#### [Exercise prompt]
Leaving the pictures aside, return all of the data below exactly.

------------------------

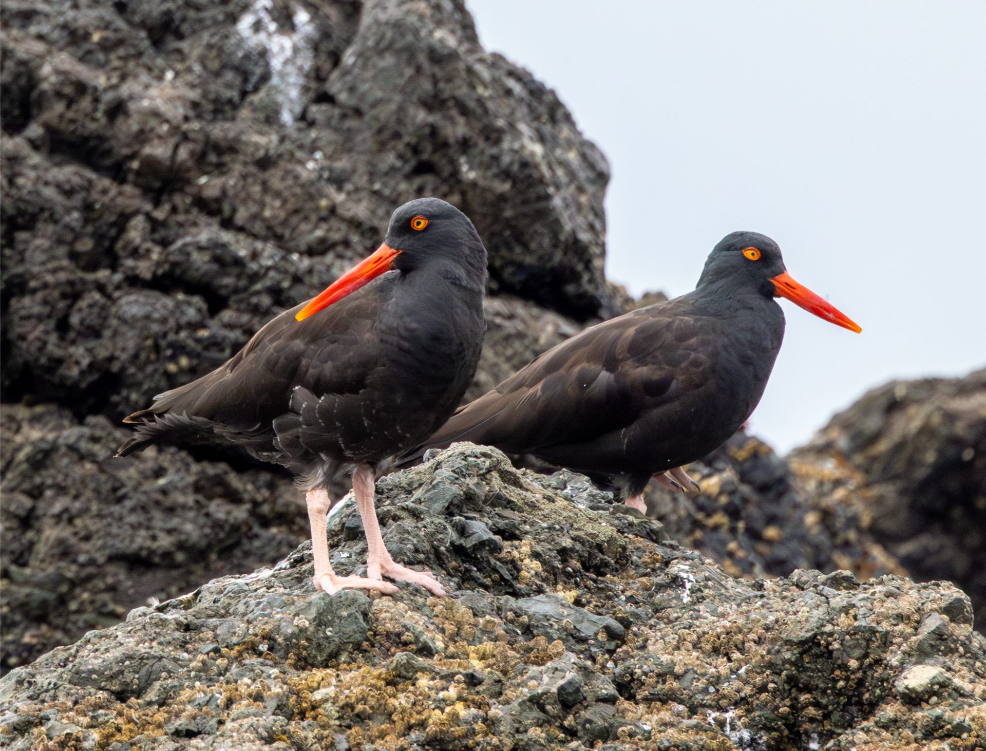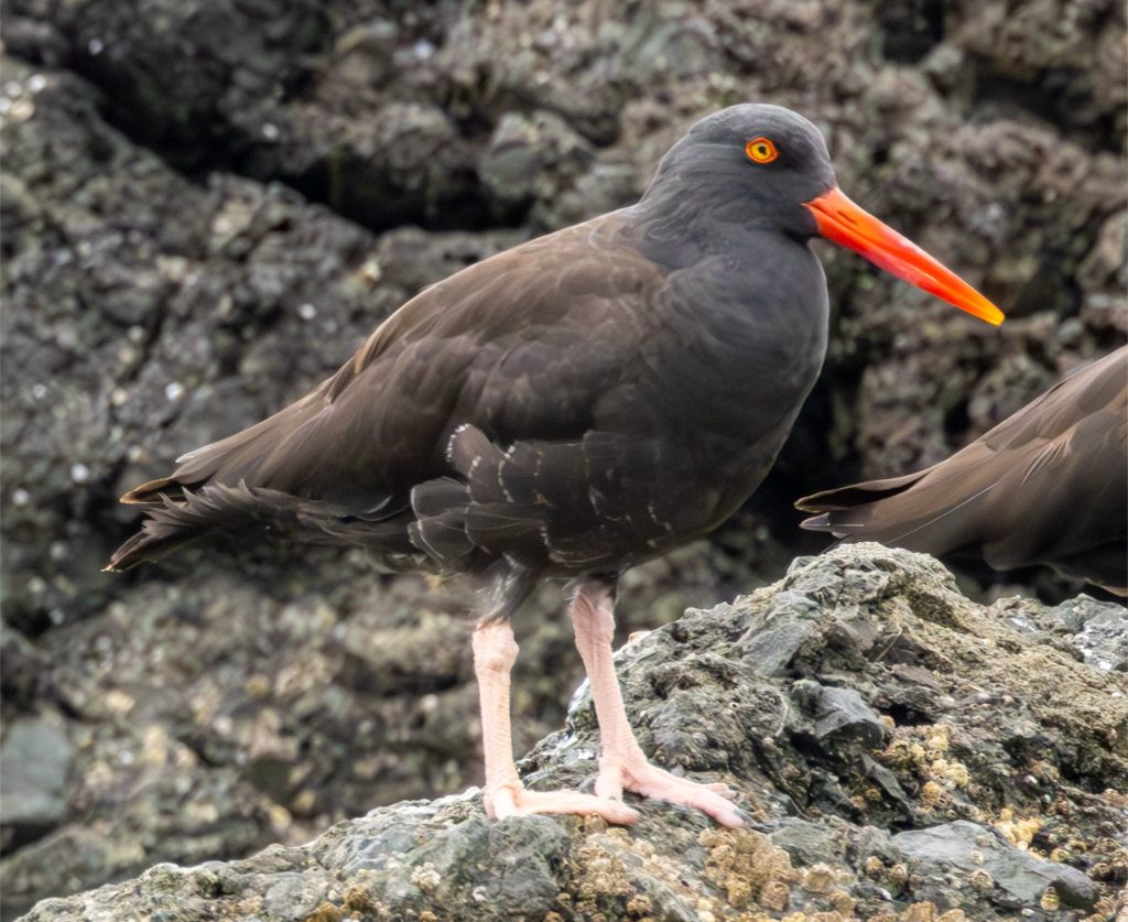 There were several pairs of Black Oystercatchers standing on some of the rocks, another bird we sometimes see at Shelter Cove. A plain dark bird with bright orange eyes and a long, stocky neon red bill used to pry prey off of rocks, Black Oystercatchers range all along the Pacific coast of North America, from southern California to Alaska.
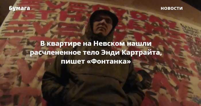 В квартире на Невском проспекте, 134 нашли расчлененное тело украинского рэп-исполнителя и участника Versus Battle Энди Картрайта. Об этом сообщает «Фонтанка».
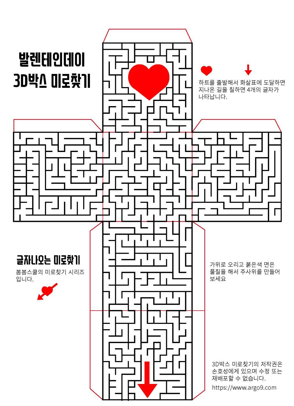 발렌타인데이 3D박스 미로찾기 하트로 출발해서 화살표까지 도달하면 지나온 길을 칠하면 글자가 나옵니다. 4글자가 나옵니다.
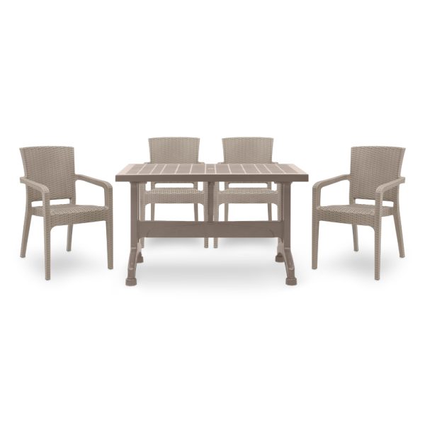 Σετ τραπεζαρία κήπου Callan Megapap 5τμχ πολυπροπυλενίου τραπέζι 140×70 – πολυθρόνα recycled χρώμα cappuccino S_GP046-0003,2+GP046-0001,3×4
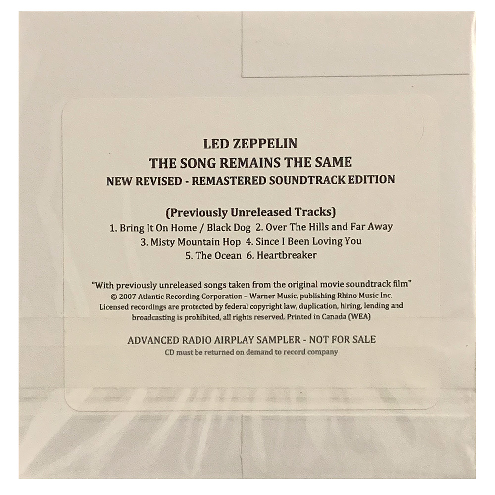 This promotional Advance Radio Airplay Sampler compact disc has 6-tracks and distributed by Atlantic Recording Corp to promote the 2007 reissue.

------------------------

#### [Completed exercise]
 There were several pairs of Black Oystercatchers standing on some of the rocks, another bird we sometimes see at Shelter Cove. A plain dark bird with bright orange eyes and a long, stocky neon red bill used to pry prey off of rocks, Black Oystercatchers range all along the Pacific coast of North America, from southern California to Alaska.
 В квартире на Невском проспекте, 134 нашли расчлененное тело украинского рэп-исполнителя и участника Versus Battle Энди Картрайта. Об этом сообщает «Фонтанка».
 발렌타인데이 3D박스 미로찾기 하트로 출발해서 화살표까지 도달하면 지나온 길을 칠하면 글자가 나옵니다. 4글자가 나옵니다.
 Σετ τραπεζαρία κήπου Callan Megapap 5τμχ πολυπροπυλενίου τραπέζι 140×70 – πολυθρόνα recycled χρώμα cappuccino S_GP046-0003,2+GP046-0001,3×4
 This promotional Advance Radio Airplay Sampler compact disc has 6-tracks and distributed by Atlantic Recording Corp to promote the 2007 reissue.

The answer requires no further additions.